Stored data Block Start

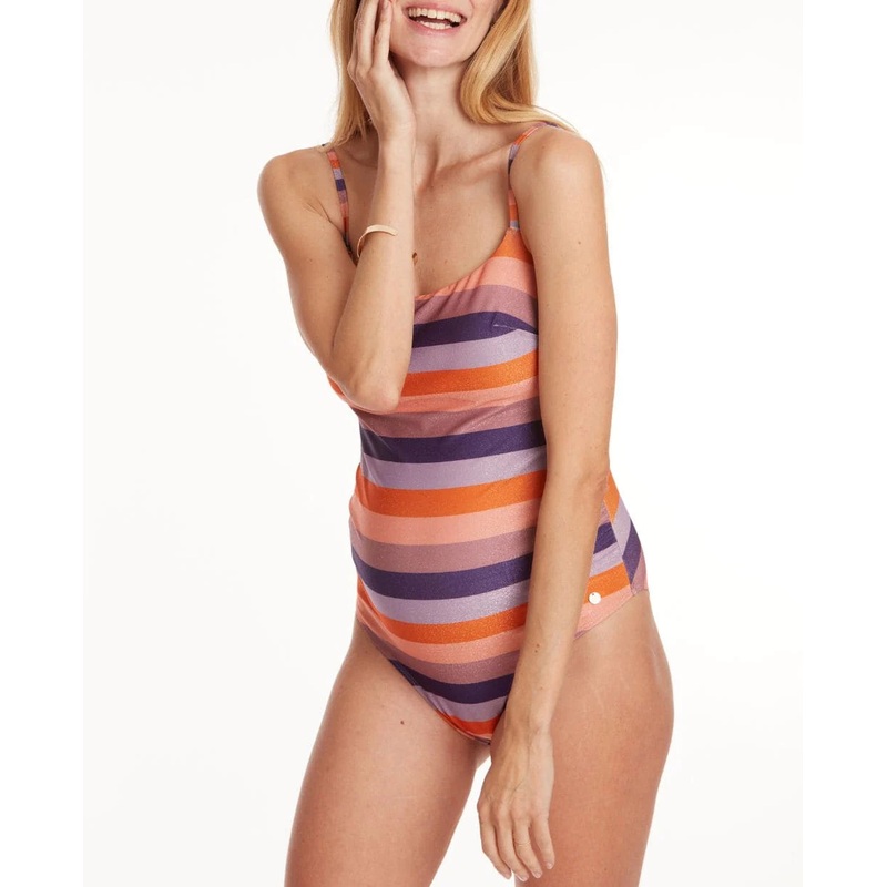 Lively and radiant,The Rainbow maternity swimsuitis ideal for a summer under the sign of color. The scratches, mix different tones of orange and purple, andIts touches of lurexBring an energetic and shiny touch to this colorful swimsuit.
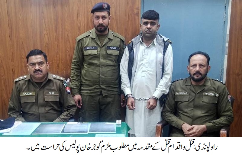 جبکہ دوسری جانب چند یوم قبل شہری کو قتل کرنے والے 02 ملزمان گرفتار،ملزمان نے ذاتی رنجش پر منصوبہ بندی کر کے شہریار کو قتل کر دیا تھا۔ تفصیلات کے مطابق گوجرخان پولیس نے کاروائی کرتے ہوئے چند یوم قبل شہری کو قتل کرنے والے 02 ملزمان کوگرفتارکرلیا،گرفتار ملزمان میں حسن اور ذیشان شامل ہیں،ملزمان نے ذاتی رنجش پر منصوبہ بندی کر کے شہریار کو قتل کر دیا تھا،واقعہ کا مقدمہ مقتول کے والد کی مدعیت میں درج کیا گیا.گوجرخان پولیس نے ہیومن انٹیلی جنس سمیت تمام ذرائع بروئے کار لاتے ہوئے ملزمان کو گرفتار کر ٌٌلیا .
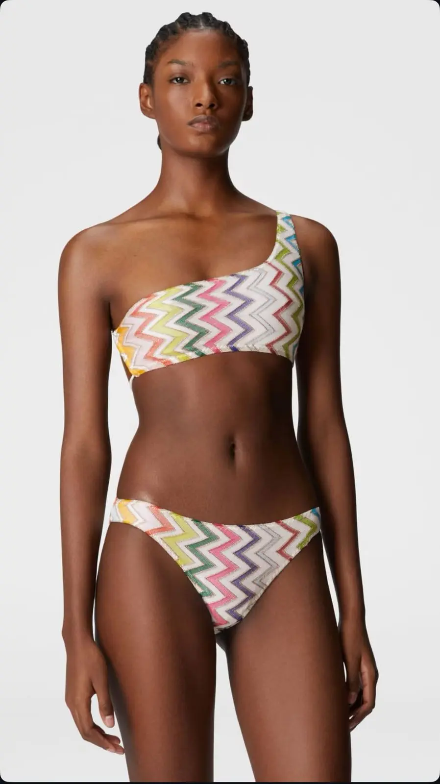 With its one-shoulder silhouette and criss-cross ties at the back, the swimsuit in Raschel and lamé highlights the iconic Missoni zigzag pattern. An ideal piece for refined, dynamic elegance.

Stored data Block End

**Instructions for the task**
Your answer should set down the listing verbatim and leave out its images.

**Output of the task**
 Lively and radiant,The Rainbow maternity swimsuitis ideal for a summer under the sign of color. The scratches, mix different tones of orange and purple, andIts touches of lurexBring an energetic and shiny touch to this colorful swimsuit.
 جبکہ دوسری جانب چند یوم قبل شہری کو قتل کرنے والے 02 ملزمان گرفتار،ملزمان نے ذاتی رنجش پر منصوبہ بندی کر کے شہریار کو قتل کر دیا تھا۔ تفصیلات کے مطابق گوجرخان پولیس نے کاروائی کرتے ہوئے چند یوم قبل شہری کو قتل کرنے والے 02 ملزمان کوگرفتارکرلیا،گرفتار ملزمان میں حسن اور ذیشان شامل ہیں،ملزمان نے ذاتی رنجش پر منصوبہ بندی کر کے شہریار کو قتل کر دیا تھا،واقعہ کا مقدمہ مقتول کے والد کی مدعیت میں درج کیا گیا.گوجرخان پولیس نے ہیومن انٹیلی جنس سمیت تمام ذرائع بروئے کار لاتے ہوئے ملزمان کو گرفتار کر ٌٌلیا .
 With its one-shoulder silhouette and criss-cross ties at the back, the swimsuit in Raschel and lamé highlights the iconic Missoni zigzag pattern. An ideal piece for refined, dynamic elegance.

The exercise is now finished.